Anonymous wrote:“I used to tell myself that San Francisco’s politics were wacky but the city was trying—really trying—to be good. But the reality is that with the smartest minds and so much money and the very best of intentions, San Francisco became a cruel city. It became so dogmatically progressive that maintaining the purity of the politics required accepting—or at least ignoring—devastating results.
But this dogmatism may be buckling under pressure from reality. Earlier this year, in a landslide, San Francisco voters recalled the head of the school board and two of her most progressive colleagues. These are the people who also turned out Boudin; early results showed m that about 60 percent of voters chose to recall him.
Residents had hoped Boudin would reform the criminal-justice system and treat low-level offenders more humanely. Instead, critics argued that his policies victimized victims, allowed criminals to go free to reoffend, and did nothing to help the city’s most vulnerable. To understand just how noteworthy Boudin’s defenestration is, please keep in mind that San Francisco has only a tiny number of Republicans. This fight is about leftists versus liberals. It’s about idealists who think a perfect world is within reach—it’ll only take a little more time, a little more commitment, a little more funding, forever—and those who are fed up.“
I feel like San Francisco has always been a dark and cruel place, it’s just that somehow people over the last few decades have tried to pretend that it wasn’t.

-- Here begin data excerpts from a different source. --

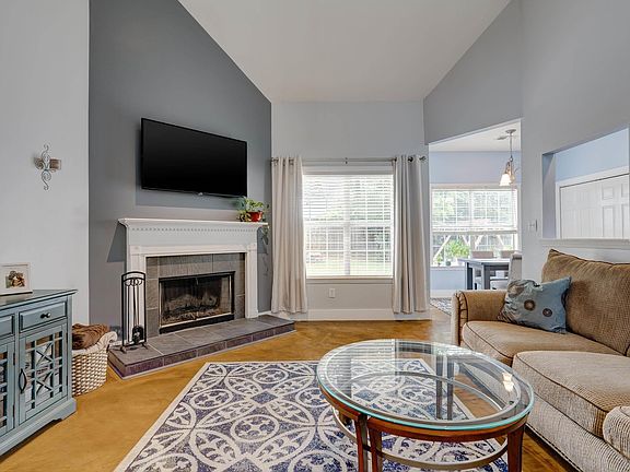 Dont miss this Moody CUTIE PIE in POPULAR Alden Glen! Easy maintenance BRICK AND VINYL exterior with FENCED backyard, in a SWIM community. This OPEN floor plan offers stained concrete floors in living space plus a corner, woodburning FIREPLACE. Eating space in kitchen that opens to SPACIOUS living room. Split bedroom design, all in LIGHT and NEUTRAL colors. Owners suite features a WALK IN closet, double sink vanity, garden tub and separate shower. Open DECKS off the back of home make summer cookouts with friends and family a breeze! Main level GARAGE with pull down attic space for EXTRA storage. Alden Glen offers underground utiities, community pool and clubhouse, sidewalks and is close to interstate and shopping. This home is READY for a new owner to LOVE IT!
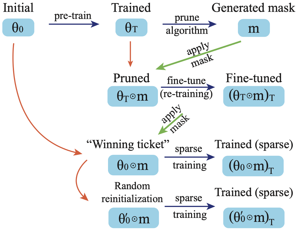 在深度模型压缩领域中,「彩票假说」(Lottery Tickets Hypothesis)指出一个原始神经网络可能存在中奖彩票的子网络(Winning ticket),该子网络可以达到和原始网络相近的准确率。
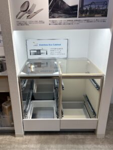 他社のキッチンは木製キャビネットなので、ステディアとセントロのステンレスキャビネットは、ステンレスに強いクリナップだからこその仕様ということがわかります。
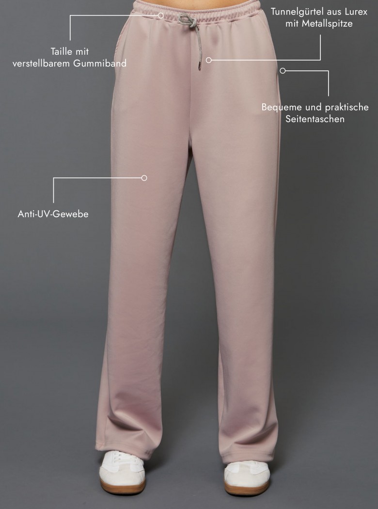 Der Tunnelzug aus Lurex-Garn mit Metallspitze und die Taille mit Gummiband gewährleisten eine perfekte Passform.
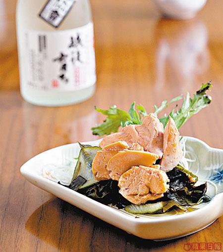 夏天魚安魚康魚夠肥大,魚肝都滑啲,油份多啲又補啲。處理魚肝都好煩,粗心啲大力啲就會整爛,好考師傅手勢。魚肝味濃,「越後育酒」濃厚夠辣,最佳配搭。
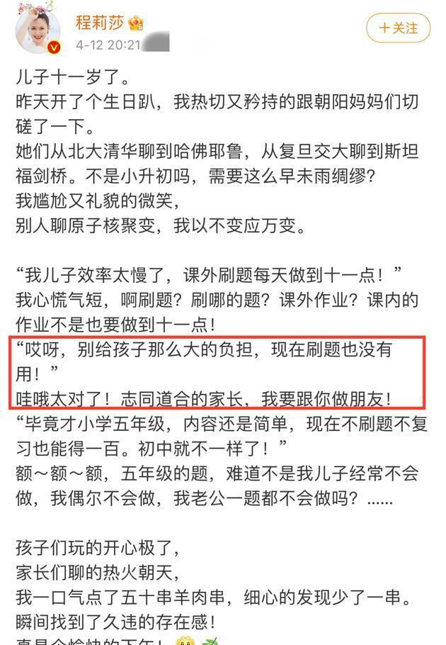 4月12日,女演员程莉莎在社交平台上撰文庆祝孩子11岁生日。她说,她和朝阳区的其他妈妈聊了一段时间,发现大多数家长都希望自己的孩子能成功。在生日聚会上,她听取了大家的意见,但她似乎不想给儿子添太多负担。
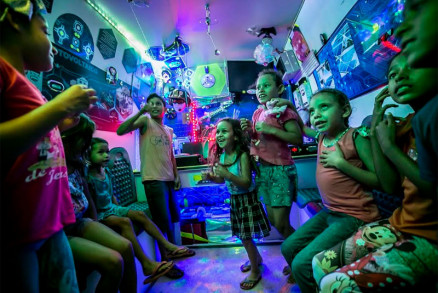 Crianças dentro da van movida a energia solar DA ASSESSORIA
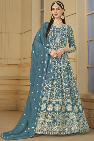 Function Wear Teal Color Embroidered Anarkali Suit In Georgette Fabric
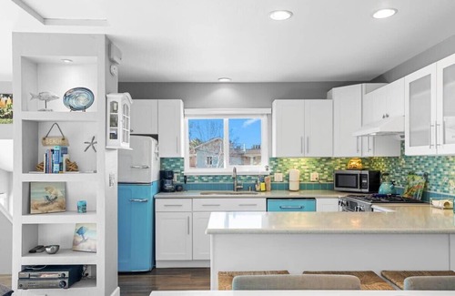 Factor in the backyard with a spa tub for lounging after a day at the beach, and you've got a perfect year-round getaway!
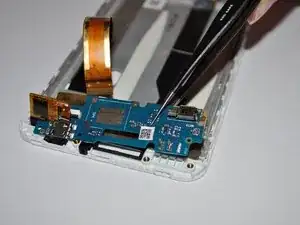 Также, начиная с верхней части телефона, отсоедините шлейф зарядного порта (другой чёрный кабель) и шлейф микрофона/кнопки. Отогните их полностью назад.

Like go watch the Maltese Falcon or any other film noir set in the city. Those stories use SF as a backdrop for a reason. Go read again Call of the Wild (starts with Buck getting stolen in Santa Clara) or Kerouc’s On the Road, where he basically is a sociopath exploiting people for hundreds of pages.
I lived in the Bay Area during the early dotcom boom, the aggressive Darwinistic brutality of the place was never lost on me. Not for a moment.